▶ [PROBLEM DETAILS]:
Print nothing but the lines below starting at the line that holds "folijos maisto konteineriaiVienkartinės" and ending at the line that holds "ワンタップでユーザー辞書に登", including both, each exactly as written.

▶ [RECORDS FOR THIS EXERCISE]:

-------

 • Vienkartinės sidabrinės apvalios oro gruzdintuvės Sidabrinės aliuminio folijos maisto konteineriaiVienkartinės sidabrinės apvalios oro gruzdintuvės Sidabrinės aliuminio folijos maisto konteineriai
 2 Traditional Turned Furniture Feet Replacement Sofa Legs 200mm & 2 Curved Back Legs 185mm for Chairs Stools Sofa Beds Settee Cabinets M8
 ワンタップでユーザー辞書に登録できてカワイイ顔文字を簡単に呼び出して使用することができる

-------

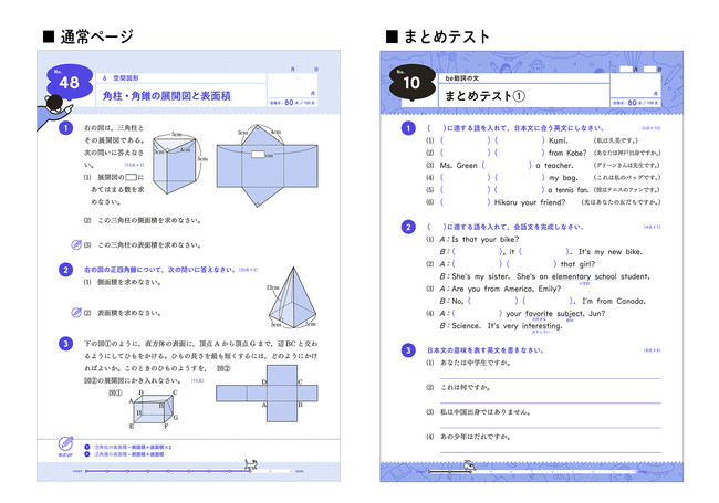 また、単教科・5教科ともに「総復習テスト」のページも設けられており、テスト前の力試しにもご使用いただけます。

-------

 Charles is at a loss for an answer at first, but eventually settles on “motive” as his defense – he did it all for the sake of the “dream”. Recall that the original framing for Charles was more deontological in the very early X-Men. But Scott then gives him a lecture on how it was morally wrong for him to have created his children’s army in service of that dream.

-------

▶ [WRITTEN RESPONSE]:
 • Vienkartinės sidabrinės apvalios oro gruzdintuvės Sidabrinės aliuminio folijos maisto konteineriaiVienkartinės sidabrinės apvalios oro gruzdintuvės Sidabrinės aliuminio folijos maisto konteineriai
 2 Traditional Turned Furniture Feet Replacement Sofa Legs 200mm & 2 Curved Back Legs 185mm for Chairs Stools Sofa Beds Settee Cabinets M8
 ワンタップでユーザー辞書に登録できてカワイイ顔文字を簡単に呼び出して使用することができる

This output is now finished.